=== TASK ===
Exactly as they stand, copy the lines from the one containing "Golden Goose Super-Star" to the final line of the data; leave out the pictures.

=== RAW DATA ===
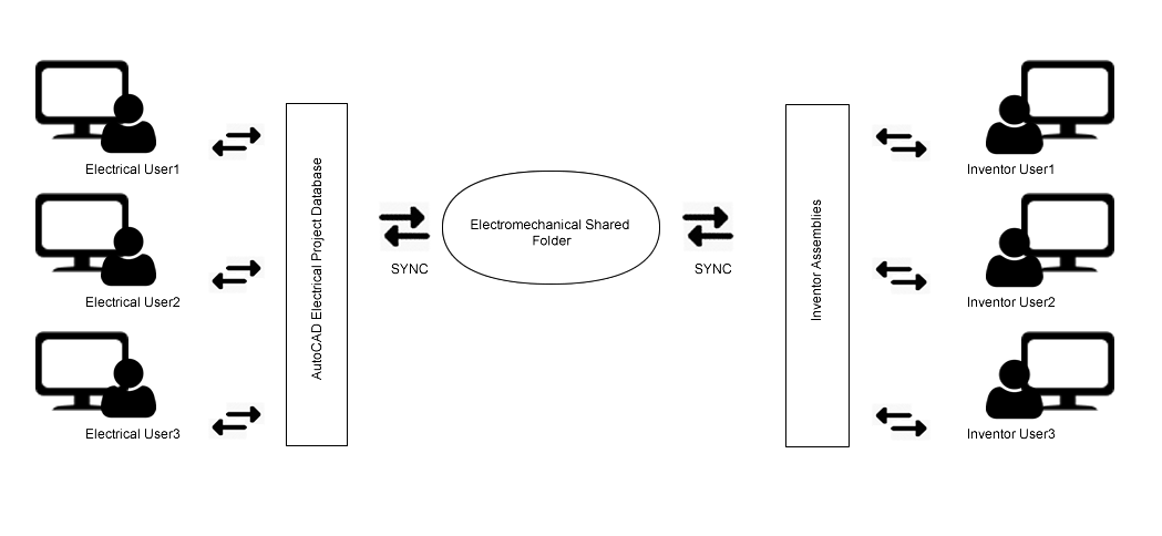 Electromechanical project manages and maintains data integrity between AutoCAD Electrical toolset and Inventor projects through synchronization. Synchronization, in electromechanical project, uses a push and pull approach during the process of data exchange. In case of AutoCAD Electrical toolset users; the Inventor data is first pulled in and your component tree view is updated, and then AutoCAD Electrical toolset data is pushed out to Inventor. Synchronization fails when you are disconnected from the network and the connection to the link file is broken—you can continue to work offline on your drawing files and use the location view tab to manage the components. You can synchronize your offline work after you have re-established the connection to the link file in the network.
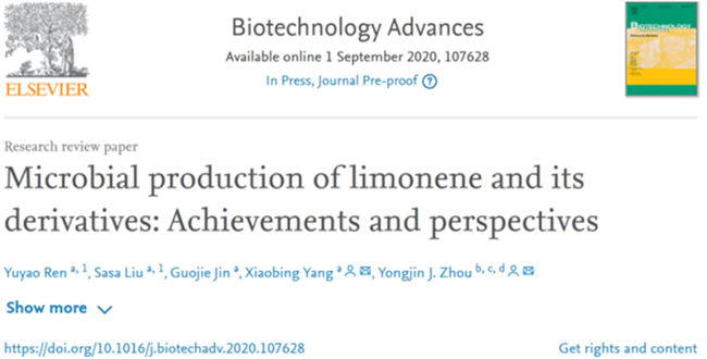 近日,葡萄酒學院楊曉兵副教授團隊在著名生物技術(shù)學術(shù)期刊《Biotechnology Advances》(IF=10.744)發(fā)表了題為 “Microbial production of limonene and its derivatives: Achievements and perspectives” 的綜述文章,系統(tǒng)總結(jié)了近年來利用代謝工程和合成生物學策略合成檸檬烯及其衍生物研究進展。西北農(nóng)林科技大學為第一署名單位,中科院大連化學物理研究所為合作單位;16級本科生任毓瑤和18級博士研究生劉灑灑為共同第一作者,我校楊曉兵副教授與大連化物所周雍進研究員為共同通訊作者,我校靳國杰副教授參與了該綜述的撰寫工作。《Biotechnology Advances》是生物技術(shù)領(lǐng)域頂級國際期刊,在105種應(yīng)用微生物與生物技術(shù)相關(guān)的雜志中排名第3,該雜志全年收錄文章在100篇左右,2019年H指數(shù)161。
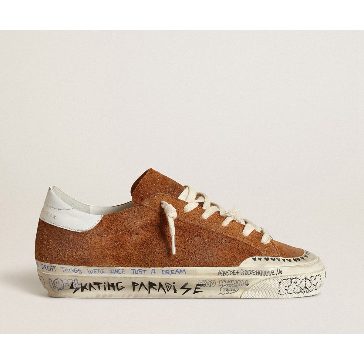 Golden Goose Super-Star Scarpe Ginnastica Ltd in pelle scamosciata marrone chiaro con una stella perforata GWF00401.F003446.55498
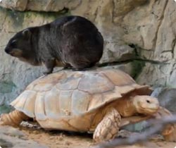 動物園で来場者を前に、自慢げにカメに乗りほくそえむ輩が現れたみたいなんだ。「カメックスゲットなんだぜ!」ってことか?ていうかこの動物なんだっけ?ハイラックスかな?

=== ANSWER TO THIS TASK ===
 Golden Goose Super-Star Scarpe Ginnastica Ltd in pelle scamosciata marrone chiaro con una stella perforata GWF00401.F003446.55498
 動物園で来場者を前に、自慢げにカメに乗りほくそえむ輩が現れたみたいなんだ。「カメックスゲットなんだぜ!」ってことか?ていうかこの動物なんだっけ?ハイラックスかな?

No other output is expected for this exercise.